柳鶯春似乎不打算走開,站在她旁邊有一句沒一句的問著,不過眼神是一直往外瞟,葉靈表示可以走開,她不需要陪伴。

「怎麼行呢,知畫妹妹來到這麼陌生的地方,表姐自己走開怎麼說得過去。」

熱情,卻敷衍。

葉靈看著眼前的人,想起劉知秀的話,思考著要不要問點問題。

剛想開口,柳鶯春卻被人叫走了。

葉靈看著她走遠,歇了心思。

「哎,你聽說了嗎?」旁邊的女孩卻在表姐離開后討論。

「聽說什麼?」 船到橋頭自然直 一旁的女孩也帶著好奇。

「那個柳鶯春,聽說跟了溫家少爺!」

「溫家少爺?」女孩掩了張大的嘴,追問道:「就她那樣,也能入溫少爺的眼?」

天才萌寶:影后老婆超級甜 「誰說不是。不要說其她,就我們這裡,比她好的就有半數,也不知溫少爺是看上她什麼?」

「看不出她有什麼特別之處呀?」

「誰知道呢,我聽說呀,她是自己送上門去的……有那個男人會不吃到嘴的肉啊……」

「咦,你怎麼這樣說話?」

「裝什麼裝,你裡面還不是一樣想說……」

兩個女孩笑笑鬧鬧,偏了話題。 葉靈從聚會回來,跟母親說,要不去看看姐姐吧。

母親同意了。

見到姐姐的時候,葉靈仔細看了看,真的瘦了。

只不過一段時間不見,臉色憔悴得像老了十歲。

母親卻視而不見,只關心她跟溫孝義的關係好不好。

劉知秀欲言又止。

葉靈注意到她手腕上的瘀青,問她怎麼回事。

劉知秀一直掩飾。

「姐,是不是他打你了?」

「秀兒?你們吵架了?」母親的詫異讓劉知秀忍不住落了熱淚,但下一刻卻變涼:「秀兒,你不能和他吵,你現在和他吵,你還沒有懷孕,沒有生孩子,如果他一氣之下休了你怎麼辦?現在家裡已經這樣了,你絕對不能被休了!」

「娘!」能別這個時候說這個嗎?葉靈試圖阻止母親。

可是母親卻不管不顧:「秀兒,你知道家裡已經快要撐不住了,如果你這邊再出事,就是把你爹逼上絕路啊,許多人知道我們的女兒在溫家,還不敢明目張胆的對我們下手,可要是你被休了……」

母親驚恐的模樣讓她有些手足無措。

葉靈想上前安慰,卻被母親拂開:「秀兒,不管如何,你千萬不能離!絕對不能被休,知道嗎?絕對!絕對!……」

劉知秀聽著母親的話,雙眼剎那變灰暗,縱使之前也想過這些,可是這些話從母親口裡直接說出來,讓她心如死灰。
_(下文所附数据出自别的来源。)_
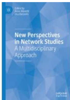
New Perspectives in Network Studies Ladenpreis: 175,99EUR

「娘!姐,你別聽娘的,要是他對你不好,你就跟他……」

「知畫!」兩人異口同聲制止了她。

葉靈看著兩人焦急的模樣,不得不住了口。

劉知秀看看四周,才慢慢壓低聲音:「知畫,不要在這亂說話。」

葉靈忍了忍,壓下眼裡的不認同點了點頭。

兩人盯著她看了好一會,覺得她不會亂說話了,才收回目光。

「秀兒,」母親一開口,劉知秀瞳孔都縮了縮。

「娘您說。」

母親看了看自己的女兒,嘆息道:「秀兒,出嫁從夫,夫是女人的天,你多讓著點,在夫家不比自家,有什麼委屈,忍一忍就過去了。像我跟你爹,我從沒跟他對著干過……」

似乎想到什麼,母親哽咽了幾下。

「我們做女人的,命就是這麼苦……」

母親擦著眼淚述說著跟父親的不易。

劉知秀本來還是安慰,可越聽越不是滋味。

「你爹他!這麼多年來,說了不娶就沒再娶!我以為他說不在意就不在意,可是,卻瞞著我在外面生兒子!兒子都八歲了啊,瞞了我要十年了!可這十年來,我對他死心塌地……」

「娘,爹對你還不夠好嗎?」

劉知秀平淡中還帶著絲質問,娘說她命苦?那她是什麼?她,才成親多久?丈夫就已經在外面……甚至當著她的面都不收斂了!滿目瘡痍!而爹為了不讓她難過,寧願讓自己的兒子在外八年而無名無分,還說自己苦嗎?那她要怎樣?絕望嗎?

劉知秀看向母親的目光里都帶著恨意,在她這個真正苦的人面前哭苦,是巴不得逼瘋她嗎?!她的親娘! ……

京城一家奢華的高級會所當中。

超級VIP888號房間裡面,古風、沈從文和張成虎三個人正在裡面,不過三個人的氣色看起來都不太好,尤其是古風,臉色鐵青,聳拉著脖子,整個人蔫蔫的,不知道的還以為是失戀呢。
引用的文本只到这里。